On June 15, the European Commission presented a Communication on the early lessons learnt from the COVID-19 pandemic over the past 18 months. The text includes an overview of the main actions the EU took, and include ten lessons on what has to be improved and what can be done better in the future to improve action at European and national level. “The ten lessons are not exhaustive” states the Commission in its storytelling. At least, this is true : transparency and democratic control by European Parliament - which already suffered during the Covid pandemic - are the big absents of this communication, recalls Greens MEPs.

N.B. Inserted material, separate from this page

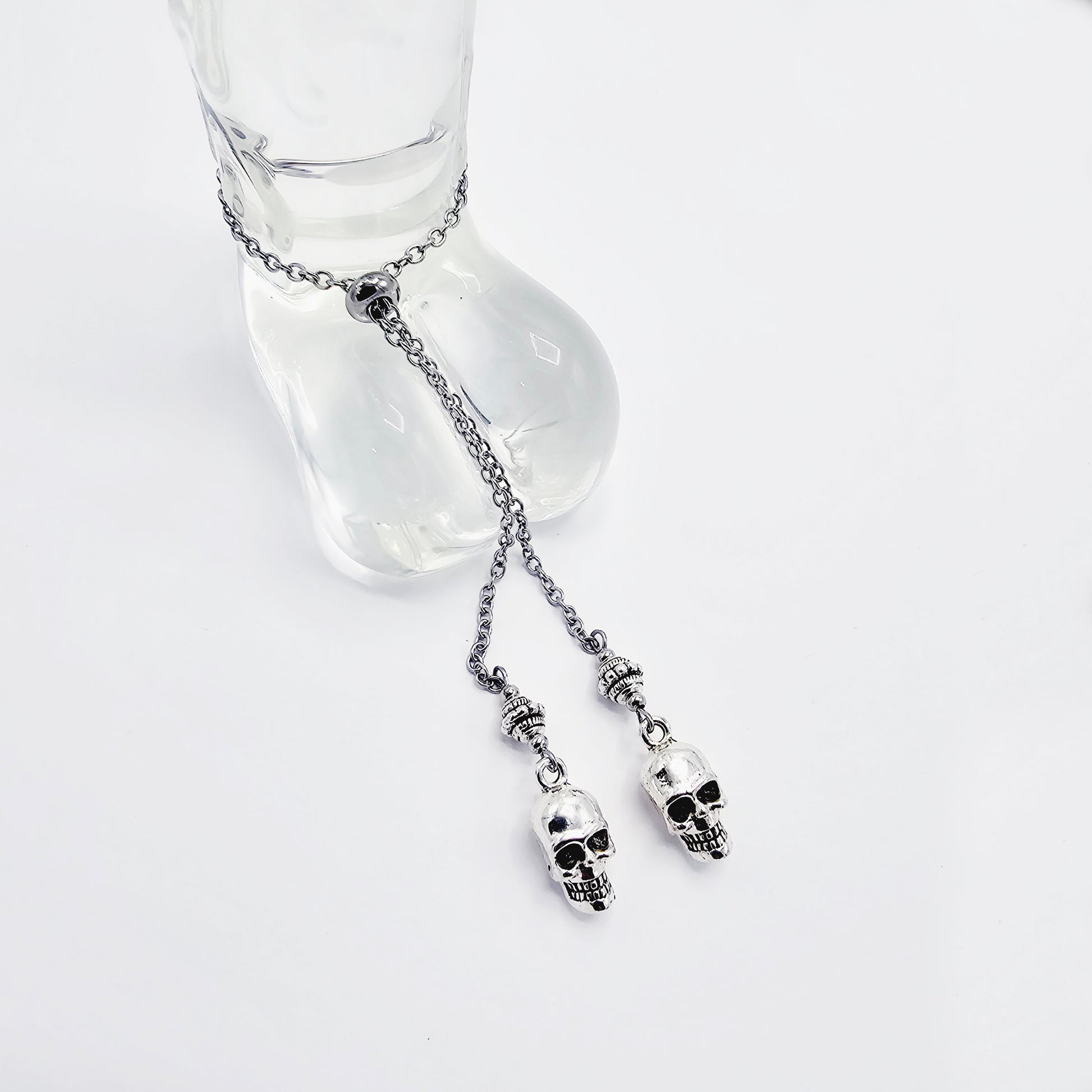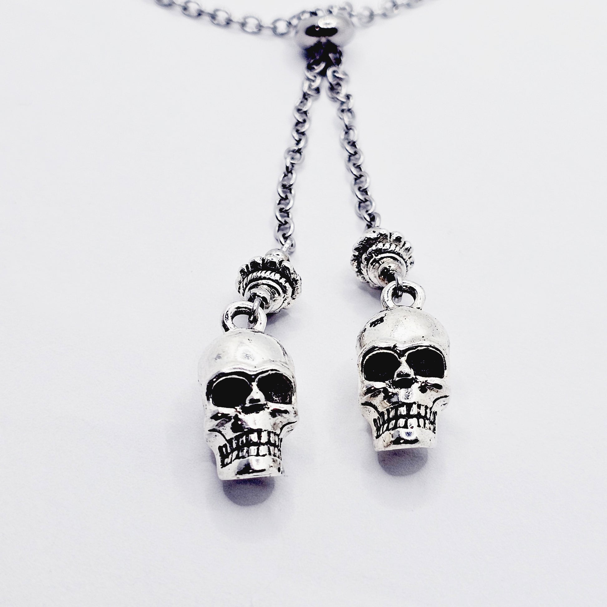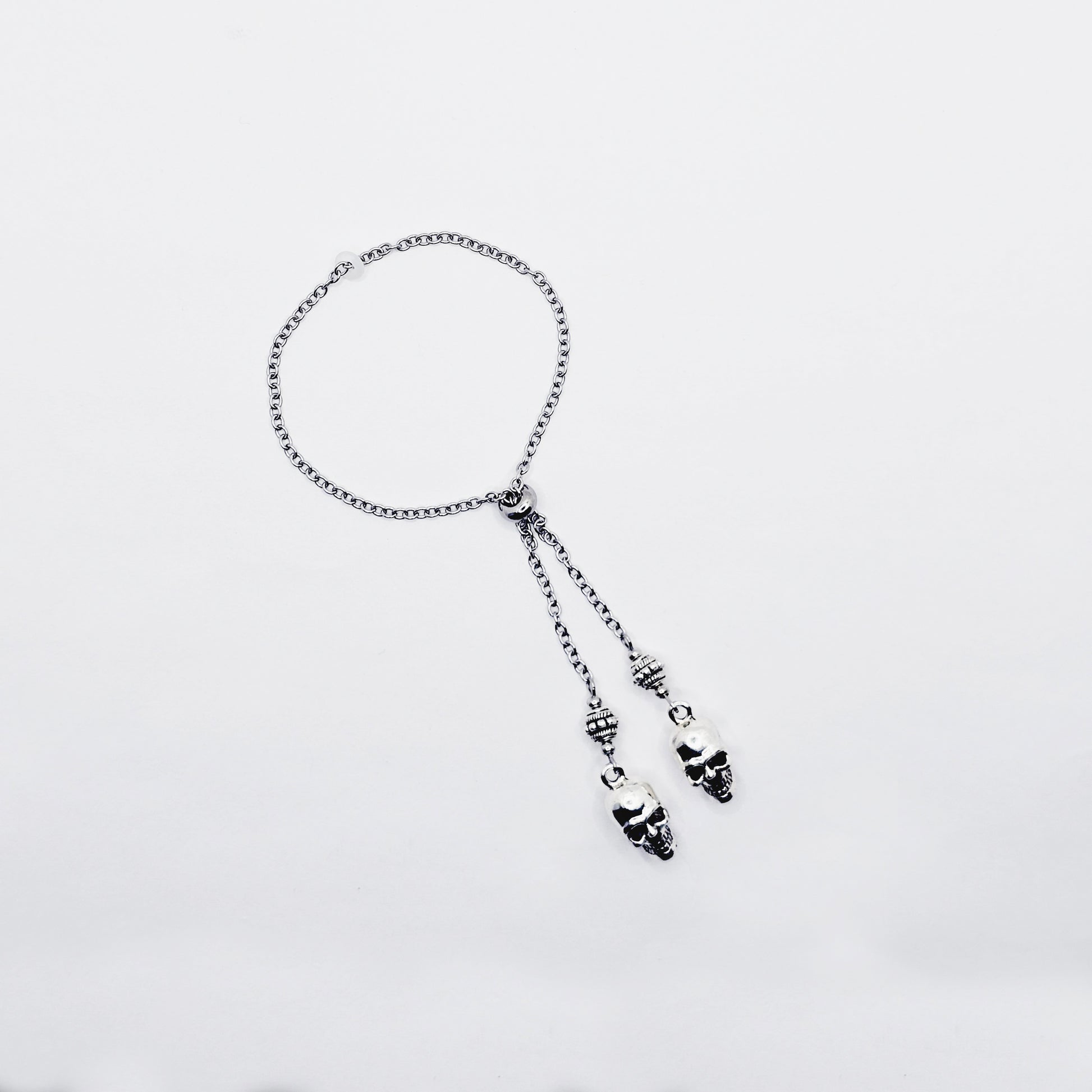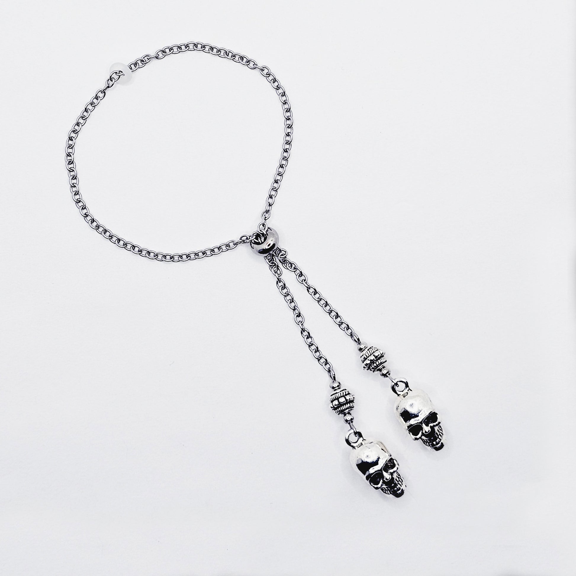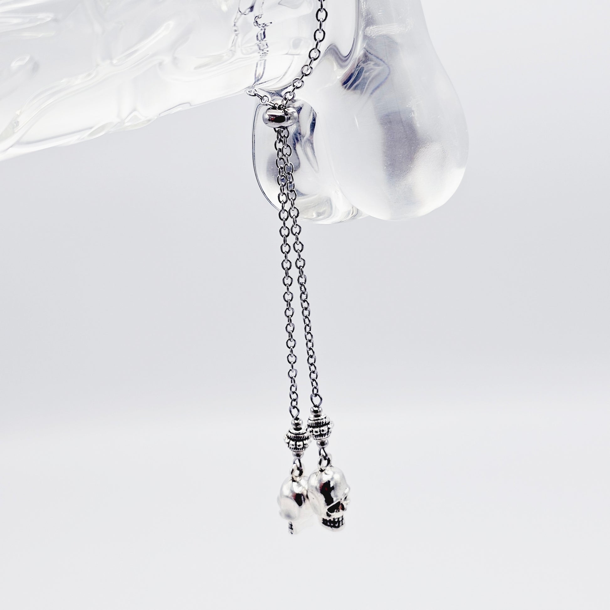 Penis Chain Noose Cock Ring Bracelet with Skulls. Cock and Ball Tassel. One size fits most. Versatile wear. Featuring Stainless Steel Chain and Solid Zinc Alloy Skulls for a little weight to heighten your senses.

The story so far... but from the Commission one-eyed view
Reading this communication looks like a political fiction. We didn’t face the same European Covid-19 pandemics. In the world of the Commission, everything went (almost) fine : not a single word on the abusive total opacity of the EU decision-making process concerning its Vaccine strategy (excluding the only democratically elected EU institution from the beggining), on the delayed delivery of vaccines, on the opportunistic Remdesivir joint procurement fiasco, no mention of the early off-patented treatment options considered elsewhere, including in some EU member-states. The mentioned factors of the unpreparedness of Member State Health Systems – such as the shortage of sufficient hospital beds, medical equipment, supplies, and medicines especially -, are far from honest, stressing the value of coordination between Member States but forgetting the cost-saving public health politics of the past years. The storyline of the Commission is overconfident but falls short. Its blindspots are so obvious that sometimes the wording of the Commission sounds as discrete spin-doctoring desinformation.
Overall, the assessment of the European Commission lacks an honest evaluation over the unpreparedness of the block for a pandemic and the responses that the EU and all Member States have provided during the pandemic. The communication does not contain an adequate analysis of the shortcomings and gaps that characterized some decisions, nor it addresses some key issues that hindered crucial principles such as solidarity in the responses to the crisis. A frank self-reflection over the actions that the EU institutions took is crucial to avoid that the same problems and perverse dynamics will arise in the future.
The democratic control of the European Parliament lost in coordination?
During the pandemic, most of the EU actions were taken in extra-ordinary circumstances that often required swift responses and little time for thorough assessments. Urgency actions were taken without a proper involvement of the European Parliament, which overall lacked a constant and informed dialogue with the Commission and the European Council. The EP was pushed to vote an impressive number of legislative texts but when it comes to its budgetary control rights, they were simply ignored. However, such pandemic seems far from being over and further actions will be necessary in the upcoming months.
Despite continuous calls from the European Parliament as co-legislator to have a full access to the contracts, agreements and governance mechanisms of the EU Strategy for COVID-19 vaccines, the Commission still refuses to do so. Deriving from the fact that the European Parliament, especially its BUDG, ENVI and CONT committees, has a duty to perform an annual control of the EU budget and to have a constant overview of the planning, implementation and control of the EU spending, we maintain our call the Commission to disclose in details all the requested information to the EP members. In addition, the Commission should include the Vaccine Contact Group between the European Commission and Parliament for COVID-19, established by the President of the European Commission to remedy the lack of the EP’s involvement in the EU’s pandemic management, in the decision-making process for the approval of future EU wide contracts in order to ensure a greater transparency in any future negotiation process.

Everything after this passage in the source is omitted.